Die Folgen dieser Diagnose lassen sich an der Wall Street beobachten. Der S&P 500 verlor binnen sieben Tagen knapp drei Prozent an Wert, gleichzeitig kletterte die Rendite der zehnjährigen US-Staatsanleihen auf bis zu 4,7 Prozent. Damit nähern sich die Renditen allmählich wieder dem Stresslevel aus dem Herbst 2023, als sie kurzzeitig auf über fünf Prozent stiegen, der höchste Wert seit der Finanzkrise.

Die Investoren erleben also eine Art Paradigmenwechsel. Statt der als sicher geltenden Zinswende in den USA heißt es zurück auf Los, allerdings mit ein paar zusätzlichen Risiken. Denn im vergangenen Herbst, als Powell den Zinsoptimismus entfacht hatte, gab es noch keinen Angriff der Hamas auf Israel, keinen Krieg in Gaza und keine drohende Eskalation zwischen Israel und dem Iran.

Noch haben die Börsen diesen Paradigmenwechsel nicht ganz verarbeitet, das zeigen die teilweise erratischen Kursausschläge. Klar ist, dass die Rückschlaggefahr größer geworden ist. Vielleicht ist die alte Börsenweisheit „Sell in May and go away" in diesem Jahr nicht der schlechteste aller Ratschläge – zumindest für Investoren, die ihre Nerven schonen wollen.

Kompliziertere Börsenwelt

Doch die ganze Unruhe der vergangenen Tage bringt auch eine positive Erkenntnis: Insgesamt haben die Märkte ziemlich rational reagiert, was wiederum bedeutet, dass der steile Aufwärtstrend der vergangenen Monate wahrscheinlich nicht der Anfang einer gefährlichen Blase war wie zwischenzeitlich befürchtet. Vor allem die rasanten Kursgewinne rund um das Hype-Thema Künstliche Intelligenz hatten diese Furcht geschürt.

Höhere Zinsen bremsen vor allem Technologiewerte, weil deren erst in der Zukunft liegende Gewinne dann abgewertet werden und die Aktien dadurch weniger wert sind. Folgerichtig fielen die Verluste an der US-Technologiebörse Nasdaq in den vergangenen Tagen spürbar stärker aus als beim S&P 500.
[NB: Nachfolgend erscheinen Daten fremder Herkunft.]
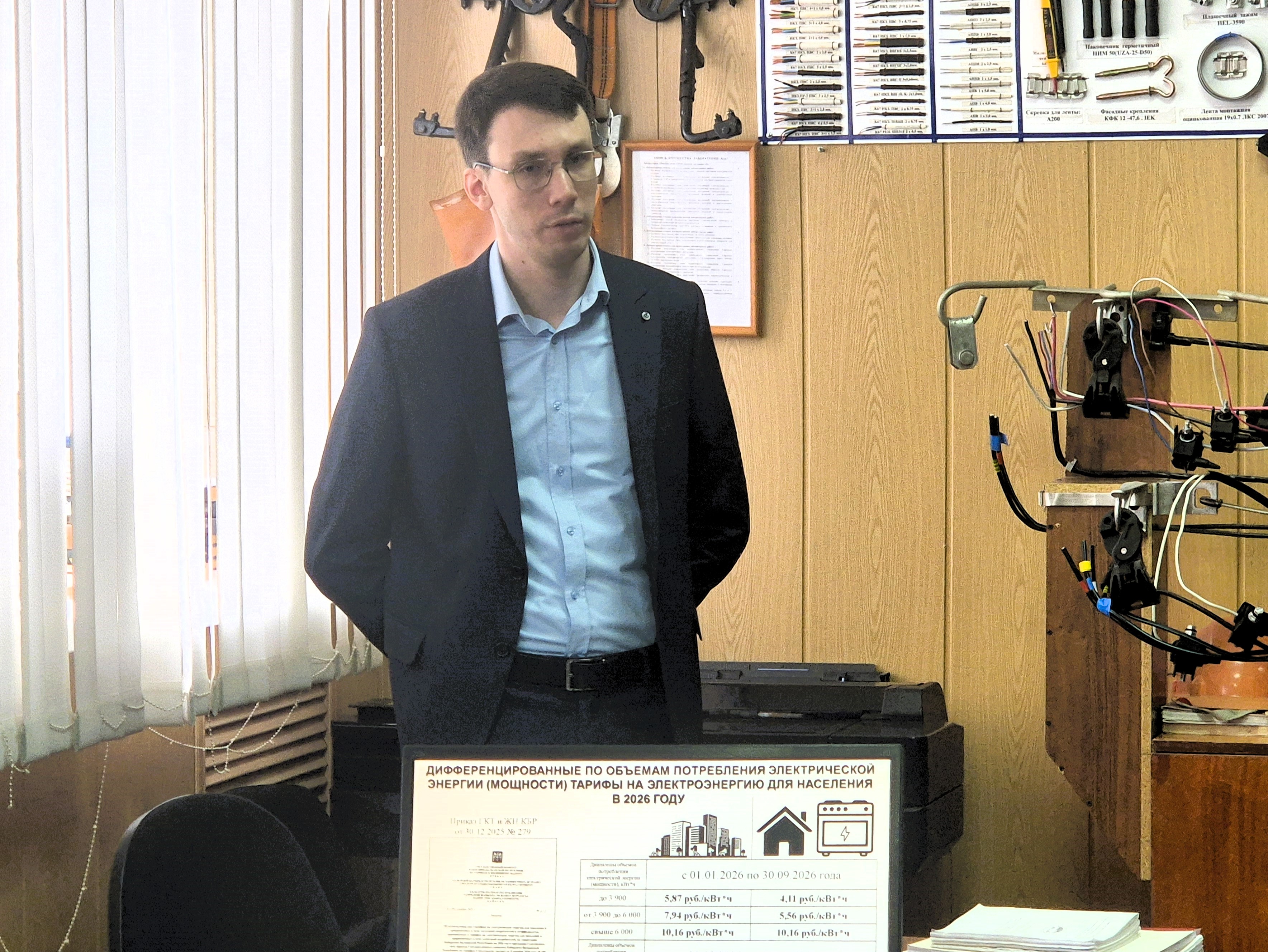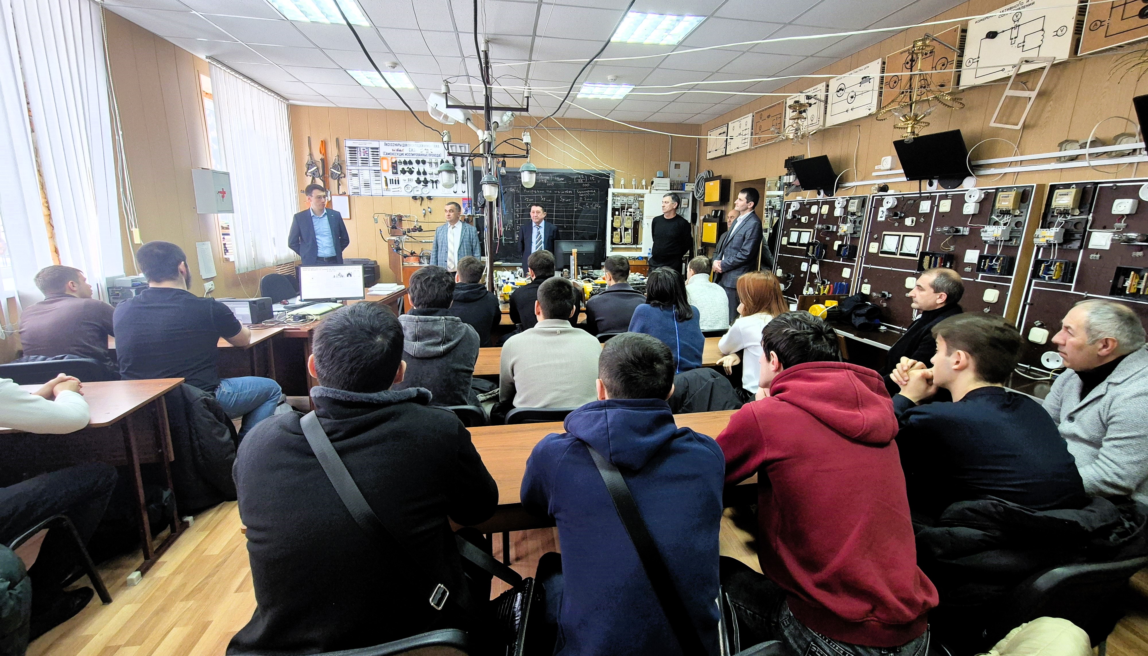 Участниками встречи стали: заместитель начальника отдела ценообразования в электроэнергетике государственного комитета по тарифам и жилищному надзору КБР Анатолий Шуков, преподаватели кафедры энергообеспечения предприятий, обучающиеся 4 курса направления подготовки «Теплоэнергетика и теплотехника» и студенты специальности среднего профессионального образования «Электротехнические системы в агропромышленном комплексе (АПК)».

In Blasen-Phasen ignorieren die Märkte schlechte Nachrichten oft oder versuchen sogar, sie positiv zu interpretieren. Das scheint im Moment nicht der Fall zu sein. Auf der anderen Seite reagieren die Investoren bislang auch nicht mit panikartigen Verkäufen. Die Börsenwelt ist zwar deutlich komplizierter geworden, aber wirklich erschüttert wurde sie nicht.